PROBLEM TO WORK ON:
After locating the line with "MIPI-DSI利用单端和差" in the entries below, output it and each following line up to and including the line with "Since this morning, I", exactly and without pictures.

DATA UNDER STUDY:
------------------------------------
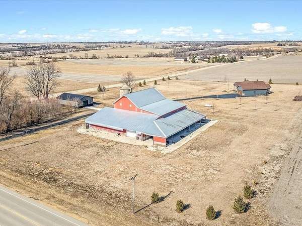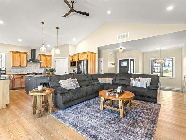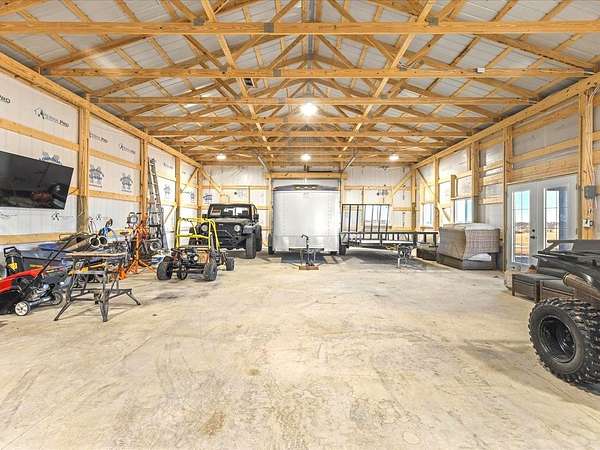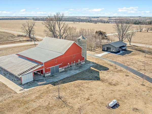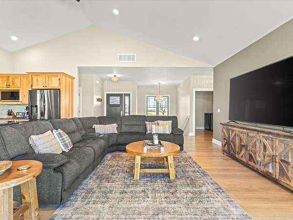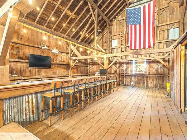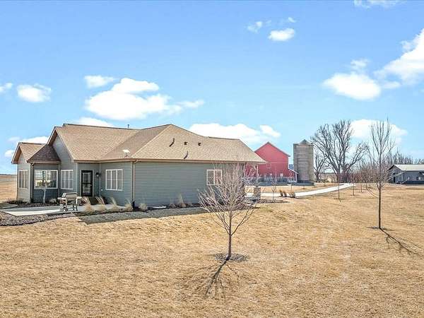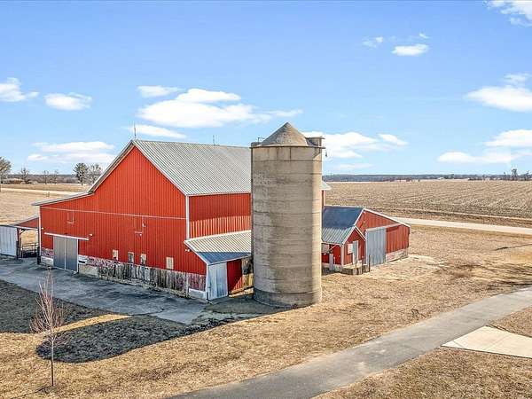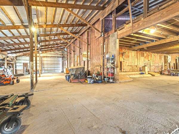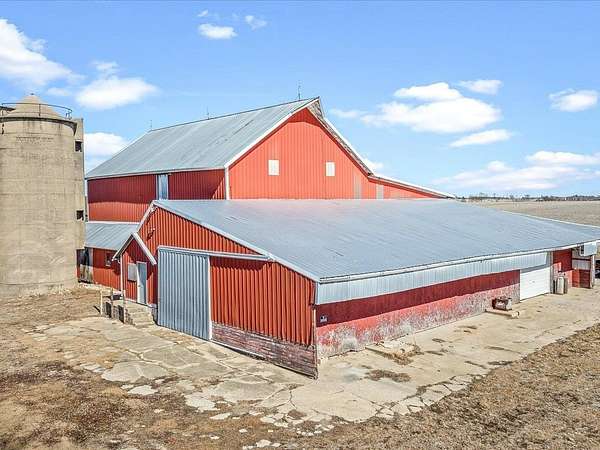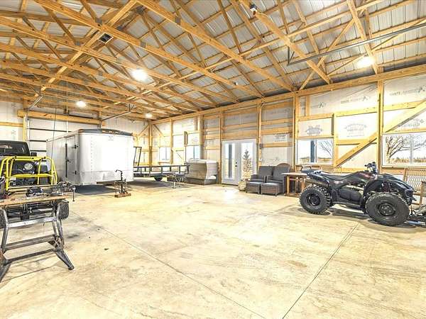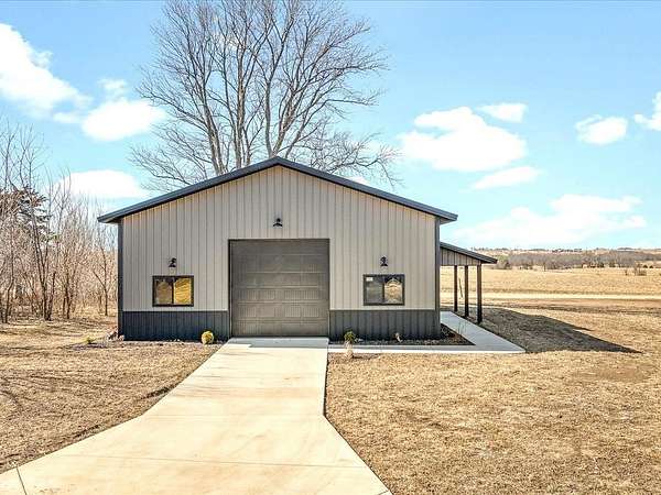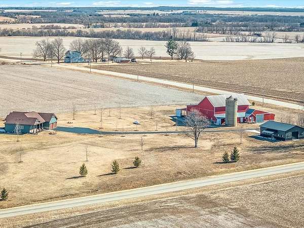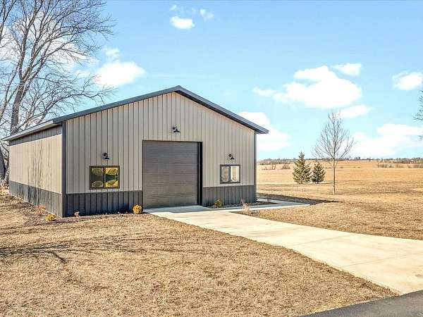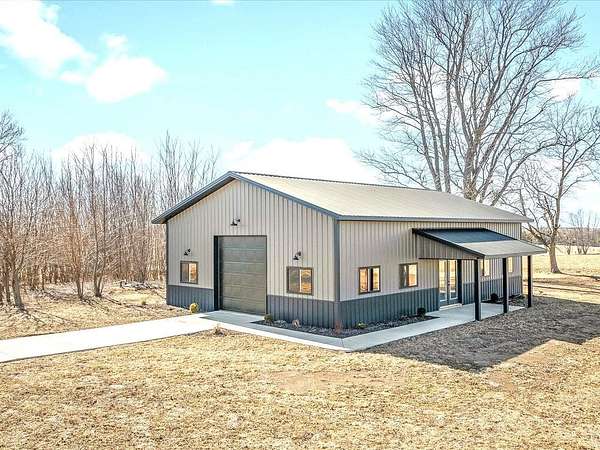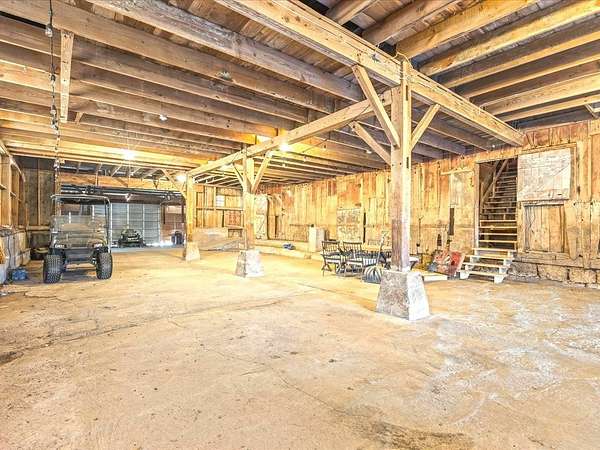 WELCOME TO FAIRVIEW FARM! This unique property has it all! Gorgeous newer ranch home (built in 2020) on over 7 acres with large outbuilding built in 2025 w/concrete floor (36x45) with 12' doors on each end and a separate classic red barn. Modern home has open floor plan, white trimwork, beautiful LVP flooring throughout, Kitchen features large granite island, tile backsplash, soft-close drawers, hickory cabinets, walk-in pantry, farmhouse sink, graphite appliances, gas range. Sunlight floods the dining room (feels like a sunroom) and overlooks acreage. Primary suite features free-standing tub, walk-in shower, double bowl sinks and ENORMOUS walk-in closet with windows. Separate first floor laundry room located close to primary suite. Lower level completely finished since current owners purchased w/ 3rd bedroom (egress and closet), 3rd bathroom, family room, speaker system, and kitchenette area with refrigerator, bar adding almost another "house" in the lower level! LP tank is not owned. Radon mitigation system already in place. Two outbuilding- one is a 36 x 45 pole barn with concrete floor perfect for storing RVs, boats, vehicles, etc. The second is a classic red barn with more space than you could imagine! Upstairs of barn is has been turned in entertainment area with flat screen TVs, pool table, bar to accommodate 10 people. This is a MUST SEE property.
------------------------------------
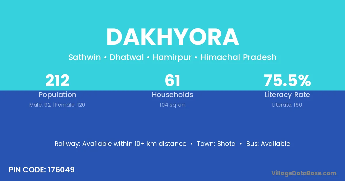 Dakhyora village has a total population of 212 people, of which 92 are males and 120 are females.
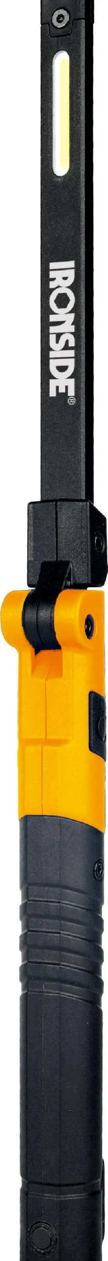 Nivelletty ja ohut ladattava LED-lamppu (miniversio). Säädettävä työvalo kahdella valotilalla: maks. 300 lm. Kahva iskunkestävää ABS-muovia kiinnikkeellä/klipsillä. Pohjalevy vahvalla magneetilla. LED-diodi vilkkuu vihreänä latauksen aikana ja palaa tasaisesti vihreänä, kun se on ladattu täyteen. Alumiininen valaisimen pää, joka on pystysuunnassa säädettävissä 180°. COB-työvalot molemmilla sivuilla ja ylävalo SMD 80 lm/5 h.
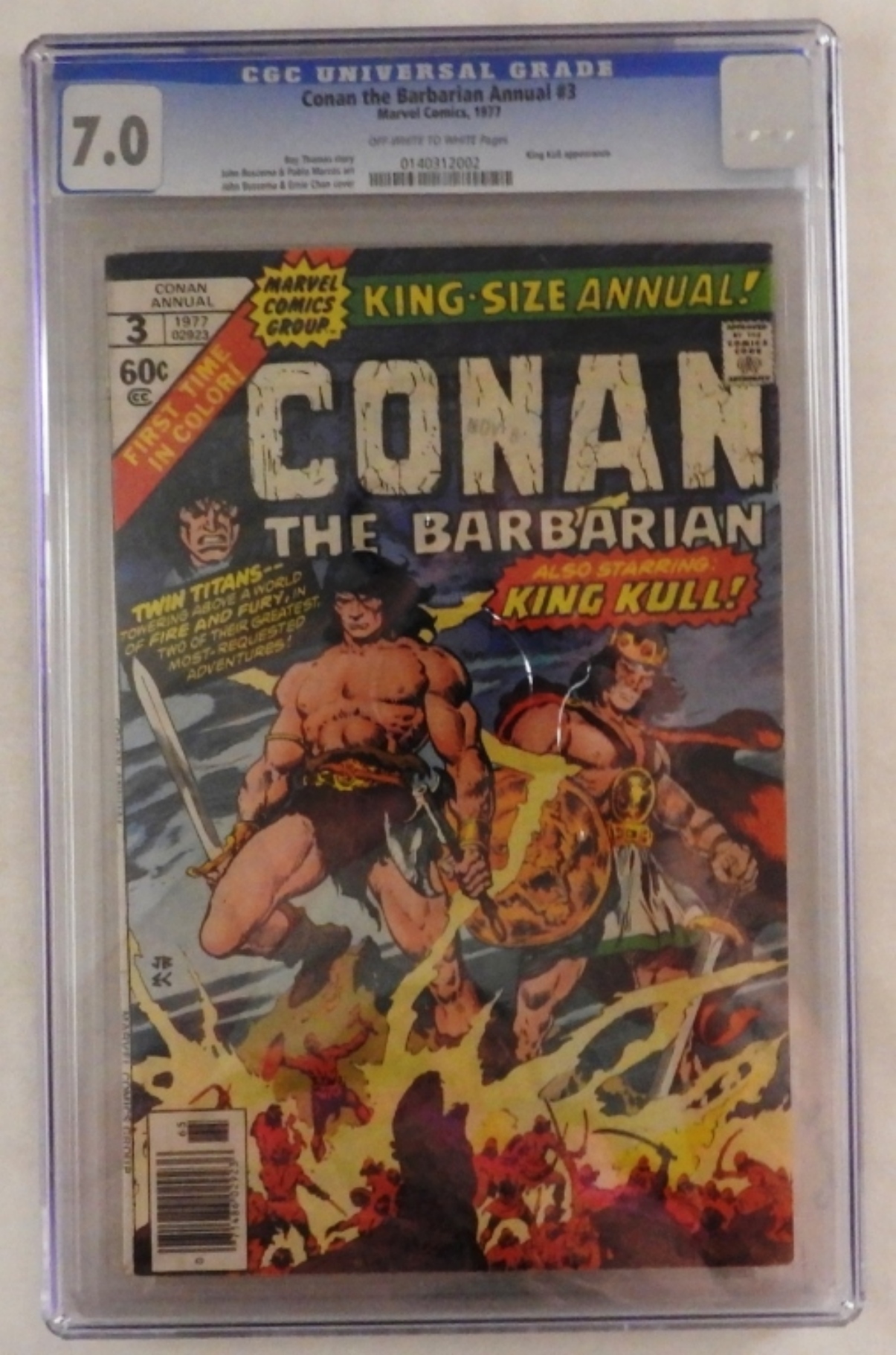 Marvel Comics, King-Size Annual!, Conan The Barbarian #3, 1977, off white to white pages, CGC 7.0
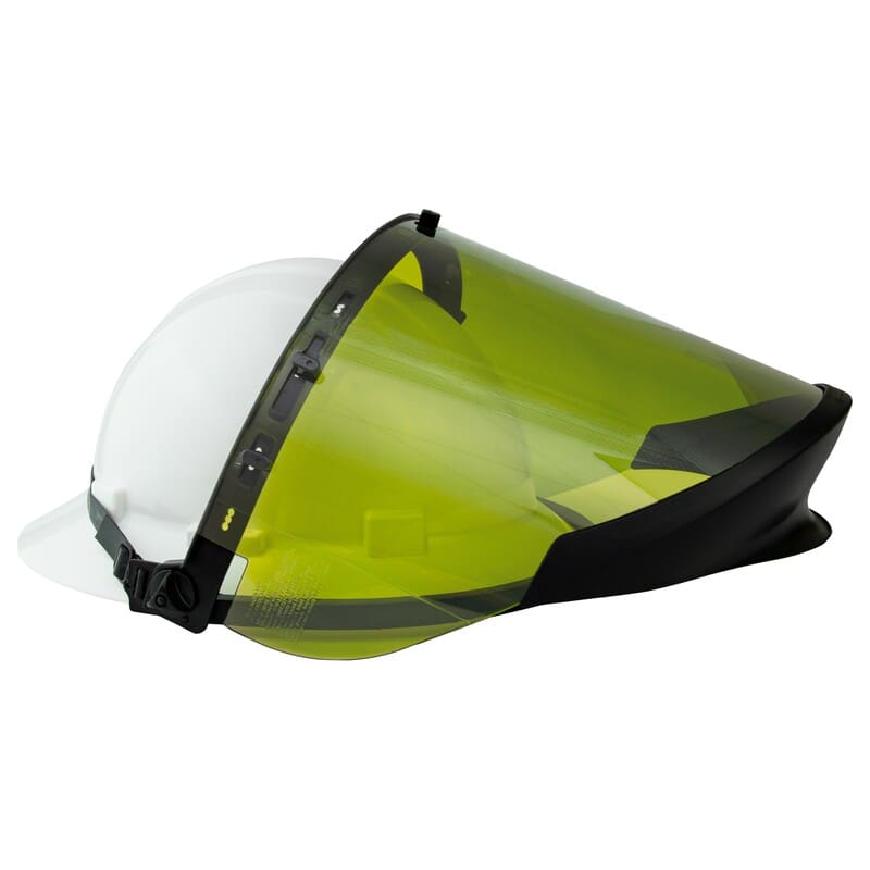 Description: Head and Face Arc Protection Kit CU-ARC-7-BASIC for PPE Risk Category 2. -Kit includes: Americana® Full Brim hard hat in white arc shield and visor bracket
------------------------------------
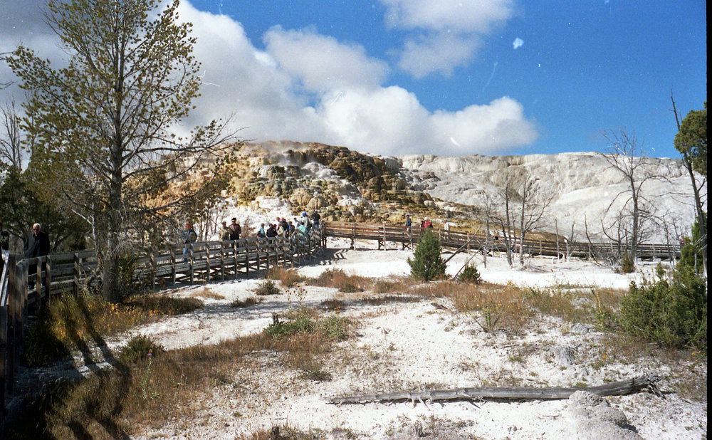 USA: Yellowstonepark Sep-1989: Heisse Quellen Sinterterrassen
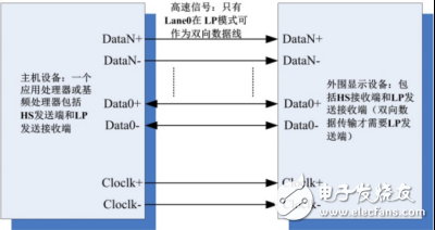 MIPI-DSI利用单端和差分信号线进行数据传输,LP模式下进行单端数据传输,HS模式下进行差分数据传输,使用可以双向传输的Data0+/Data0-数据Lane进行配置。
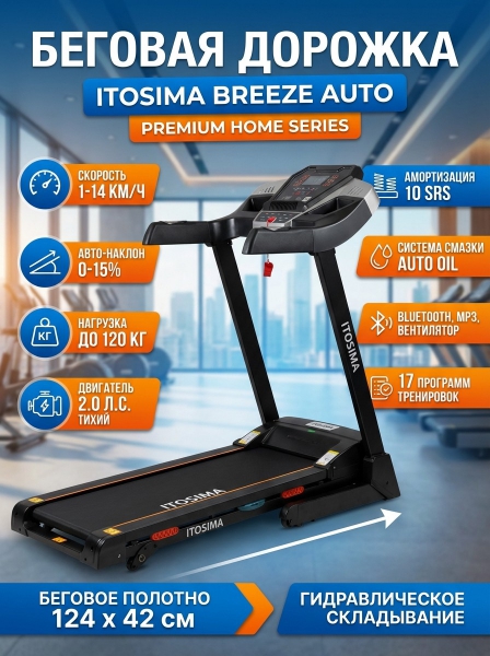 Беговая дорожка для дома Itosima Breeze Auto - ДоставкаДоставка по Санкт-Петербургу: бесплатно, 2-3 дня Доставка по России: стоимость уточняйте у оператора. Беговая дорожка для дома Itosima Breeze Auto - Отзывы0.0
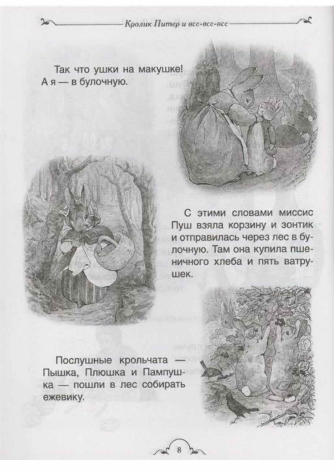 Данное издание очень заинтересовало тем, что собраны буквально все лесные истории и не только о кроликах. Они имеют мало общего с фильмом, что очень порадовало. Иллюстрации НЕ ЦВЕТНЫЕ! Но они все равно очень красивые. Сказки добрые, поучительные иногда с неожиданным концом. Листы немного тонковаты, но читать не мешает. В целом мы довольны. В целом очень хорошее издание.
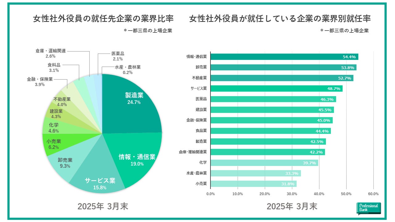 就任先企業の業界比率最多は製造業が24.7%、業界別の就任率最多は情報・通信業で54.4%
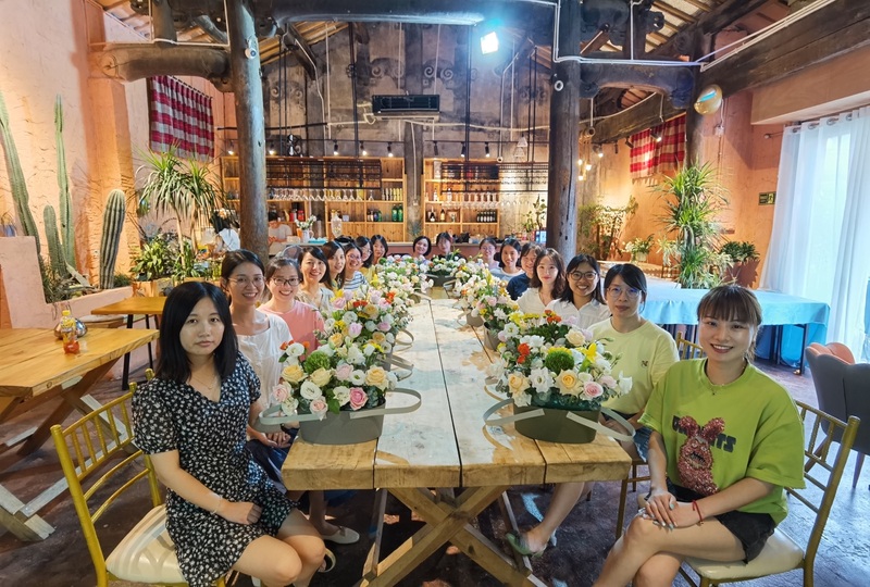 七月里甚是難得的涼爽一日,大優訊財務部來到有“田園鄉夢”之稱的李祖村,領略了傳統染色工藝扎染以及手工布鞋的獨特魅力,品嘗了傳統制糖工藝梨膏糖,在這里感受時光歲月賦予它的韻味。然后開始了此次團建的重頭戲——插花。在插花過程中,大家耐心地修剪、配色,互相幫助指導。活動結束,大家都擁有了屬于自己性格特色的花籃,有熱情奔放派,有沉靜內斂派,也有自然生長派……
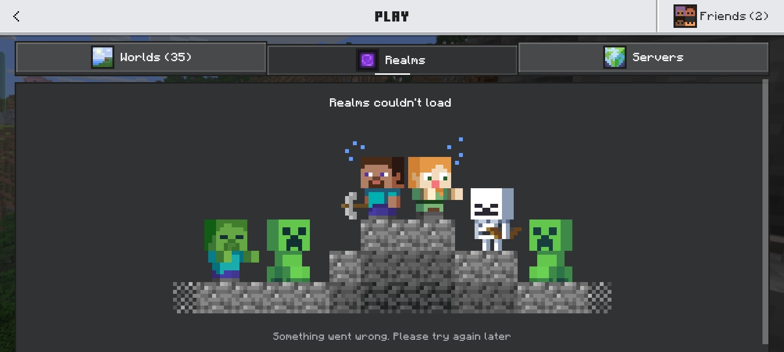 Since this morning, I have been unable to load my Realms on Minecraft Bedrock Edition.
------------------------------------
SOLVED EXERCISE:
 MIPI-DSI利用单端和差分信号线进行数据传输,LP模式下进行单端数据传输,HS模式下进行差分数据传输,使用可以双向传输的Data0+/Data0-数据Lane进行配置。
 Беговая дорожка для дома Itosima Breeze Auto - ДоставкаДоставка по Санкт-Петербургу: бесплатно, 2-3 дня Доставка по России: стоимость уточняйте у оператора. Беговая дорожка для дома Itosima Breeze Auto - Отзывы0.0
 Данное издание очень заинтересовало тем, что собраны буквально все лесные истории и не только о кроликах. Они имеют мало общего с фильмом, что очень порадовало. Иллюстрации НЕ ЦВЕТНЫЕ! Но они все равно очень красивые. Сказки добрые, поучительные иногда с неожиданным концом. Листы немного тонковаты, но читать не мешает. В целом мы довольны. В целом очень хорошее издание.
 就任先企業の業界比率最多は製造業が24.7%、業界別の就任率最多は情報・通信業で54.4%
 七月里甚是難得的涼爽一日,大優訊財務部來到有“田園鄉夢”之稱的李祖村,領略了傳統染色工藝扎染以及手工布鞋的獨特魅力,品嘗了傳統制糖工藝梨膏糖,在這里感受時光歲月賦予它的韻味。然后開始了此次團建的重頭戲——插花。在插花過程中,大家耐心地修剪、配色,互相幫助指導。活動結束,大家都擁有了屬于自己性格特色的花籃,有熱情奔放派,有沉靜內斂派,也有自然生長派……
 Since this morning, I have been unable to load my Realms on Minecraft Bedrock Edition.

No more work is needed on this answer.